On Fri, Mar 18, 2016, 08:43:56, Martin J. Dürst wrote:
> I'm working on extending the case conversion methods for the programming
> language Ruby from the current ASCII only to cover all of Unicode.
>
> Ruby comes with four methods for case conversion. Three of them, upcase,
> downcase, and capitalize, are quite clear. But we have hit a question
> for the forth method, swapcase.
>
> What swapcase does is swap upper and lower case, so that e.g.
>
> 'Unicode Standard'.swapcase => 'uNICODE sTANDARD'
>
> I'm not sure myself where this method is actually used, but it also
> exists in Python (and maybe Ruby got it from there).
>
>
> Now the question I have is: What to do for titlecase characters? Several
> possibilities already have been floated:
>
> a) Leave as is, because there are neither upper nor lower case.
>
> b) Convert to upper (or lower), which may simplify implementation.
>
> c) Decompose the character into upper and lower case components, and
> apply swapcase to these.
>
>
> For example, 'Džinsi' (jeans) would become 'DžINSI' with a), 'DŽINSI' (or
> 'džinsi') with b), and 'dŽINSI' with c). For another example, 'ᾨδή' would
> become 'ᾨΔΉ' with a), 'ὨΙΔΉ' (or 'ᾠΔΉ') with b), and 'ὠΙΔΉ' with c).
>
> It looks like Python 3 (3.4.3 in my case) is doing a). My guess is that
> from an user expectation point of view, c) is best, so I'm tending to go
> for c). There is no existing data from the Unicode Standard for this,
> but it seems pretty straightforward.
>
> But before I just implement something, I'd appreciate additional input,
> in particular from users closer to the affected language communities.

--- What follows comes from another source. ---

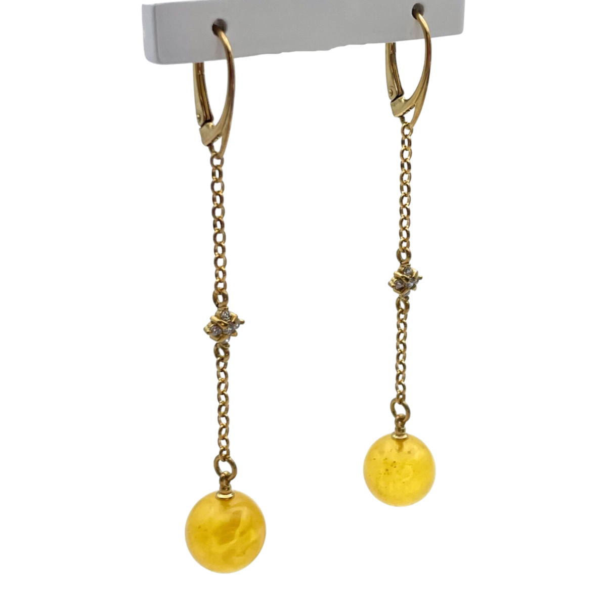 These gold-plated earrings are a stunning combination of classic elegance and modern design. The earrings feature sparkling zircons that are set in the gold-plated base, adding a touch of glamour and sophistication to the overall look.The earrings also feature chains with amber balls at the ends, which adds a unique and playful element to the design. The amber balls are smooth and polished, making them comfortable to wear and adding a natural touch to the overall aesthetic.The gold plating 24k on the earrings is of high quality, ensuring that the earrings will last for years to come. The overall design is versatile and can be worn with a variety of outfits, making these earrings a great addition to any jewelry collection.These gold-plated earrings with zircons and amber balls are perfect for anyone who appreciates jewelry that is both elegant and unique. They are also a great gift for someone special, as they are sure to impress and delight.

As far as I can tell from my limited experience, the swapcase method is used only to convert “inverted titlecase” to titlecase. I call “inverted titlecase” the state of text produced by keyboard input while the caps lock toggle is accidentally on, and those words are “inversely capitalized” where the user pressed the shift modifier. Therefore such examples would be most useful.
Having said that, I know that this never occurs on many keyboards of English-speaking users who remapped that key to perform another action such as backspace, compose, or kana lock. Living myself in a country where the caps lock toggle is indispensable, I may be considered part of the aimed user communities, though unfortunately I donʼt speak Croatian nor Greek.
Looking at your examples, I would add a case that typically occurs for swapcase to be applied: ‘ᾠΔΉ’ (cited [erroneously] as a result of option b) that is to be converted to ‘ᾨδή’, and ‘džINSI’, that is to become ‘Džinsi’.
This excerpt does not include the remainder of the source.